'Unplanned' Audience Score Soars Above That of Big-Budget 'Dumbo' Reboot
Movie-goers who saw the box-office success “Unplanned” liked what they saw, leaving them in a different mood than those who went for the remake of the classic “Dumbo.”
The website Rotten Tomatoes scores films based on what audiences say was worth watching or a waste of time. According to the site, 94 percent of the viewers who saw “Unplanned” liked the film.
However, when it came to Dumbo, only 60 percent liked it. That could be fiscal trouble for the remake, because “Dumbo” cost $170 million to produce but has taken in barely a third of its costs.
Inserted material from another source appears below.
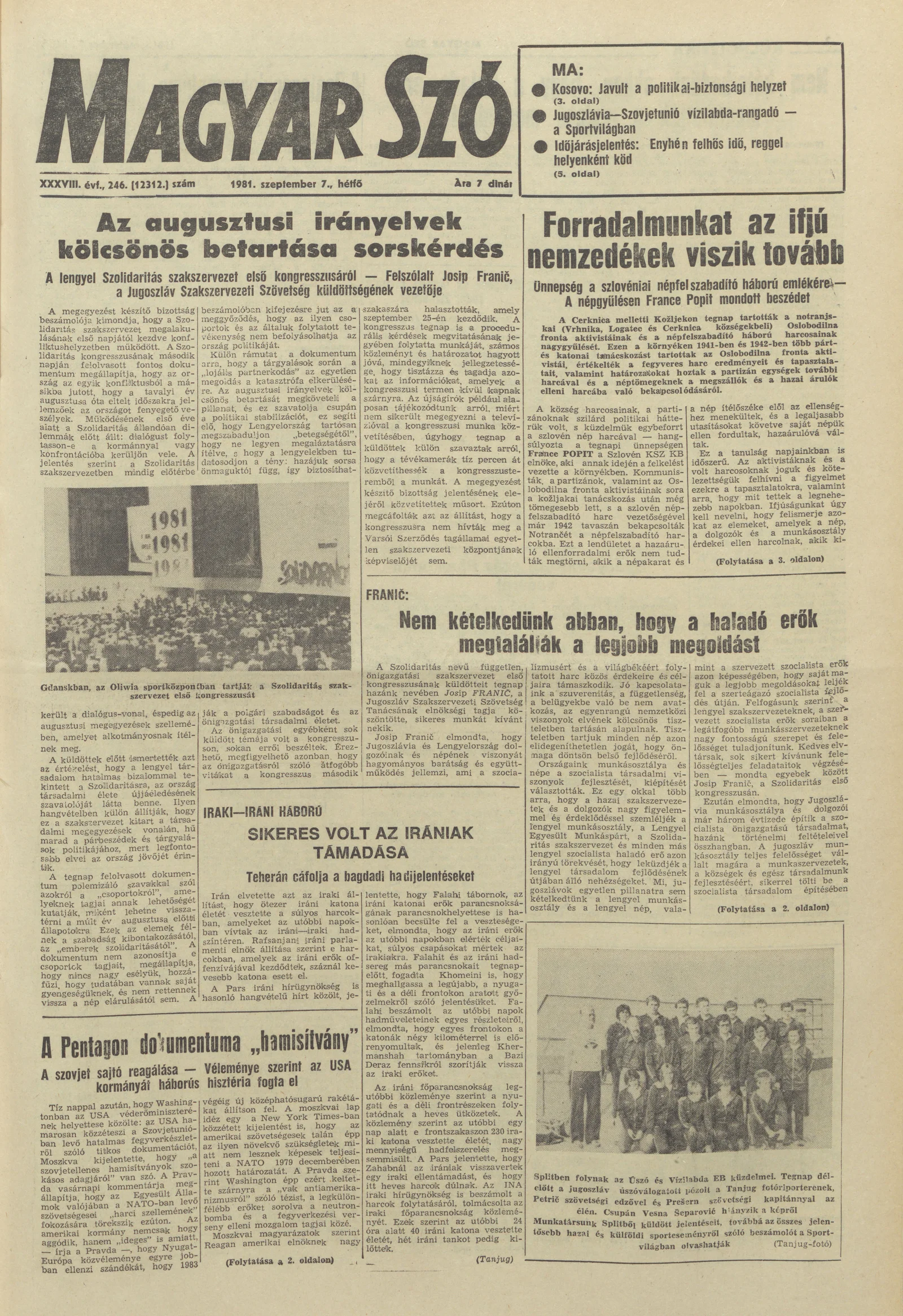 Magyar Szó, 38. évf. 1981. szeptember 7. 246. sz.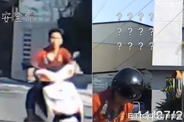 一名女網友日前收到家人傳來的影片,當時他們開車行經南投小巷,結果對向騎士過彎超車,被嚇到摔倒;重點是,原本他明明沒戴安全帽,但起身後,出現在鏡頭前的他竟「戴好戴滿」,畫面曝光後讓大票網友看呆,就連承辦員警也笑到不行。

“Unplanned,” a strong pro-life film, cracked the top five for the weekend. Despite being in only 1,059 theaters, it garnered $6.1 million in receipts, Fox News reported.
“We are thrilled, gratified and humbled,” co-directors Cary Solomon and Chuck Konzelman said Sunday in a statement.
“We are so pleased that the American people have responded with such an enormous outpouring of support at the box office. It humbles us and we look forward to seeing what happens in the weeks ahead,” they said.
The film tells the story of Abby Johnson, who worked at Planned Parenthood for eight years before becoming a pro-life activist.
“It’s a very vulnerable place to sort of expose some of your greatest wounds and hurts to the public, but in the end, this film’s really not about me. I didn’t do this so Abby Johnson would be a household name. I did this so God’s redemption — that would be known in every household,” she said in an interview with CBN.
Actress Ashley Bratcher, who plays Johnson in the film, said the response to the film shows that its risks were worth taking.
“I am blown away by the public response to ‘Unplanned’ as well as the box office numbers. Not only is it beyond my wildest dreams, but it has surpassed the expectations of critics across the country.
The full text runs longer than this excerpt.